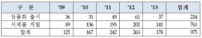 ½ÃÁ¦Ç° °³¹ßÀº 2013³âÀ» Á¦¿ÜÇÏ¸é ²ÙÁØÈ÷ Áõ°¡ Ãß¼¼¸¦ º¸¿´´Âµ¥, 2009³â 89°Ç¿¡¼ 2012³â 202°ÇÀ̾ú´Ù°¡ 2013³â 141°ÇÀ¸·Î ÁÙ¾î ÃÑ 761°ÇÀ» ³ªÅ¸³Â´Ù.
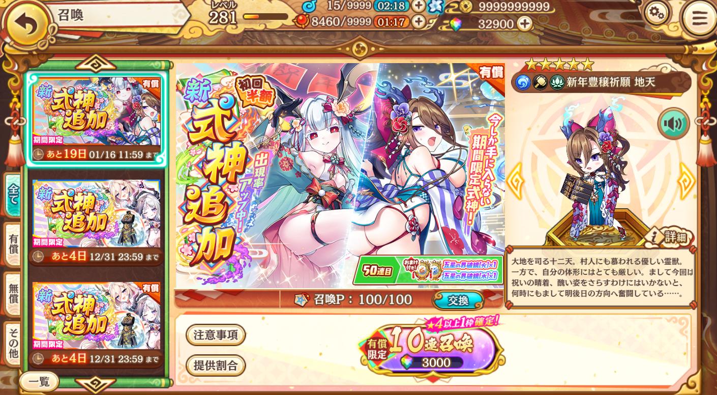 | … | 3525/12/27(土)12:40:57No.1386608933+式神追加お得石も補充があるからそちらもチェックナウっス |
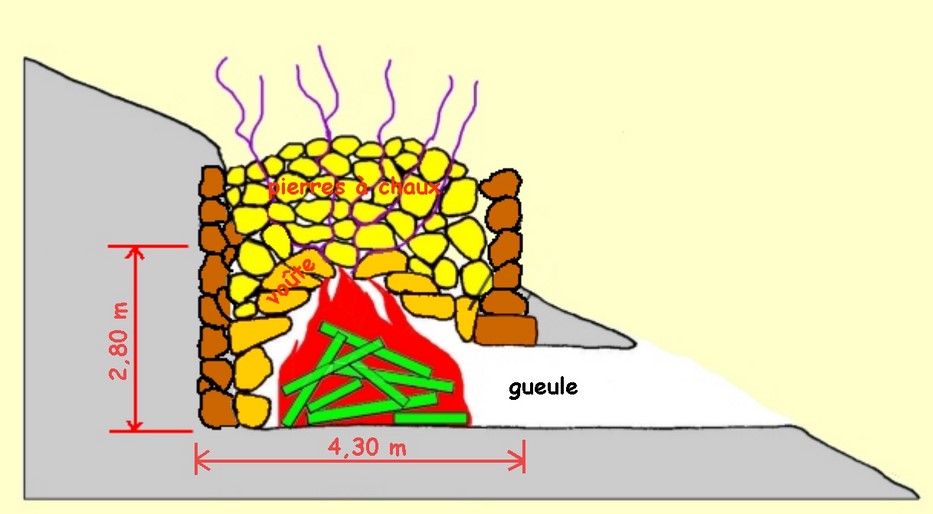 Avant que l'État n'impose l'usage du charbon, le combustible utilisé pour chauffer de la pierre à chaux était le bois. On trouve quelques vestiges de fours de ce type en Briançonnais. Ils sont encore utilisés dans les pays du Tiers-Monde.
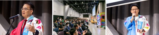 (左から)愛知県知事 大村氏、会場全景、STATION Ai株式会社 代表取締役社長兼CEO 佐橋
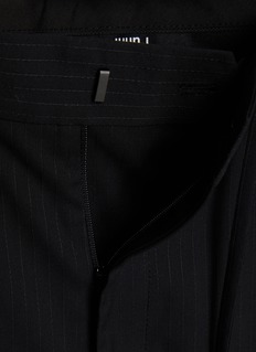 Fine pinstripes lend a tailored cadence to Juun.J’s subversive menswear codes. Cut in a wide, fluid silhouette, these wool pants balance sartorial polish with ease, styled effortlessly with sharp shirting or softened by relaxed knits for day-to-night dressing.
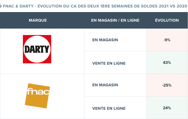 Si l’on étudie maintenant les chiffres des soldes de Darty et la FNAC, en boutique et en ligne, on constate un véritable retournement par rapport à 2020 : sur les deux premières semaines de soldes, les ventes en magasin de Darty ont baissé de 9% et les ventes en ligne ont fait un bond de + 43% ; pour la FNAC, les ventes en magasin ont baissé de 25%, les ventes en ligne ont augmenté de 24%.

++++++++++++++++++++

Copy every record character for character. Skip the pictures.

__Solution__:
 ½ÃÁ¦Ç° °³¹ßÀº 2013³âÀ» Á¦¿ÜÇÏ¸é ²ÙÁØÈ÷ Áõ°¡ Ãß¼¼¸¦ º¸¿´´Âµ¥, 2009³â 89°Ç¿¡¼ 2012³â 202°ÇÀ̾ú´Ù°¡ 2013³â 141°ÇÀ¸·Î ÁÙ¾î ÃÑ 761°ÇÀ» ³ªÅ¸³Â´Ù.
 | … | 3525/12/27(土)12:40:57No.1386608933+式神追加お得石も補充があるからそちらもチェックナウっス |
 Avant que l'État n'impose l'usage du charbon, le combustible utilisé pour chauffer de la pierre à chaux était le bois. On trouve quelques vestiges de fours de ce type en Briançonnais. Ils sont encore utilisés dans les pays du Tiers-Monde.
 (左から)愛知県知事 大村氏、会場全景、STATION Ai株式会社 代表取締役社長兼CEO 佐橋
 Fine pinstripes lend a tailored cadence to Juun.J’s subversive menswear codes. Cut in a wide, fluid silhouette, these wool pants balance sartorial polish with ease, styled effortlessly with sharp shirting or softened by relaxed knits for day-to-night dressing.
 Si l’on étudie maintenant les chiffres des soldes de Darty et la FNAC, en boutique et en ligne, on constate un véritable retournement par rapport à 2020 : sur les deux premières semaines de soldes, les ventes en magasin de Darty ont baissé de 9% et les ventes en ligne ont fait un bond de + 43% ; pour la FNAC, les ventes en magasin ont baissé de 25%, les ventes en ligne ont augmenté de 24%.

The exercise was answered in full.